Output, exactly and with no pictures, the line that contains "Turvalisus on tänapäeval" and every line that comes after it in the data below, the last one included.

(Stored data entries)

---

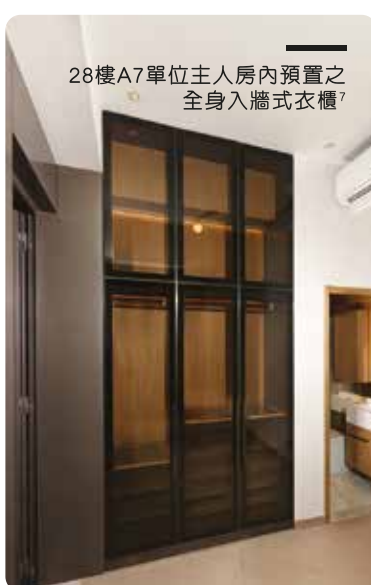
28樓A7單位主人房內預置之全身入牆式衣櫃 7
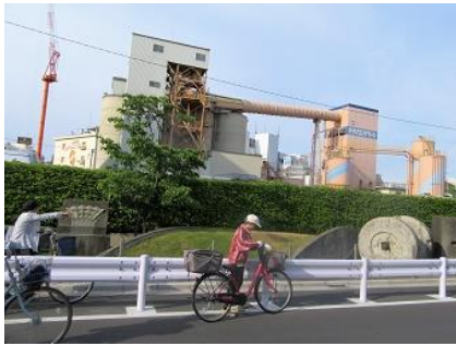
本邦セメント工業発祥の地
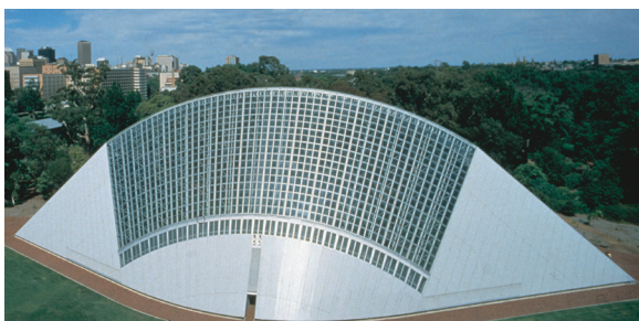
Bicentennial konservatoorium, Austraalia

Turvalisus on tänapäeval äärmiselt oluline töötajatele kindlustunde tagamiseks. Kaitske oma ehitist, selles viibijaid ning oma ettevõtte vara TAC lahendustega julgeoleku, sissepääsu kontrolli, videojälgitamise ning sisetelevisiooni alal.
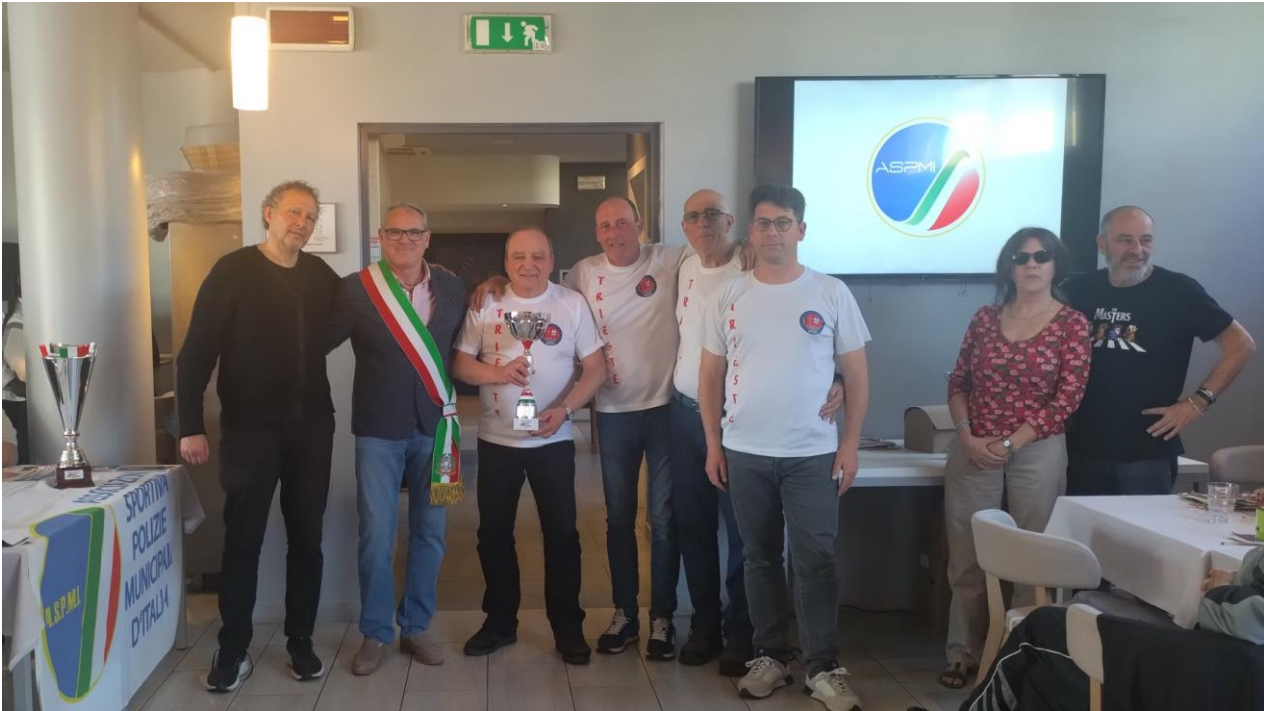
Premiazione del Gruppo Sportivo Trieste 2° Classificato
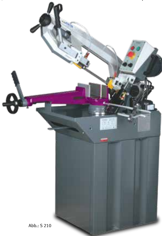
Abb.: S 210
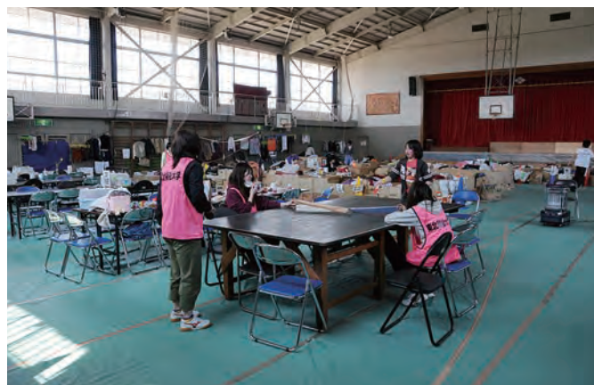
避難所での活動
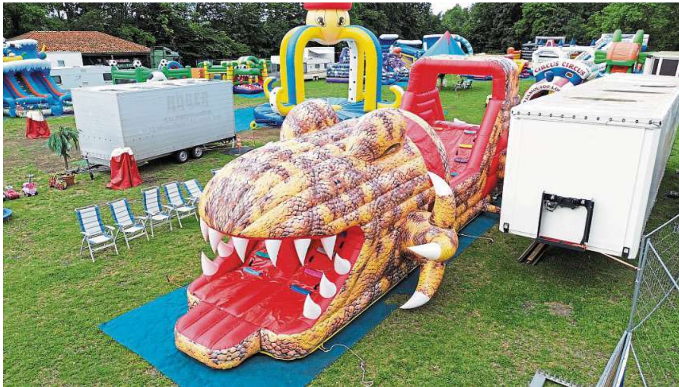
Der „Fun City Park“ auf der Nienburger Festwiese aus der Drohnenperspektive.

Hüpfburgenpark bietet 27 Meter langen Kletterparcours

---

### [RESULT OF THE TASK]
Turvalisus on tänapäeval äärmiselt oluline töötajatele kindlustunde tagamiseks. Kaitske oma ehitist, selles viibijaid ning oma ettevõtte vara TAC lahendustega julgeoleku, sissepääsu kontrolli, videojälgitamise ning sisetelevisiooni alal.
Premiazione del Gruppo Sportivo Trieste 2° Classificato
Abb.: S 210
避難所での活動
Der „Fun City Park“ auf der Nienburger Festwiese aus der Drohnenperspektive.

Hüpfburgenpark bietet 27 Meter langen Kletterparcours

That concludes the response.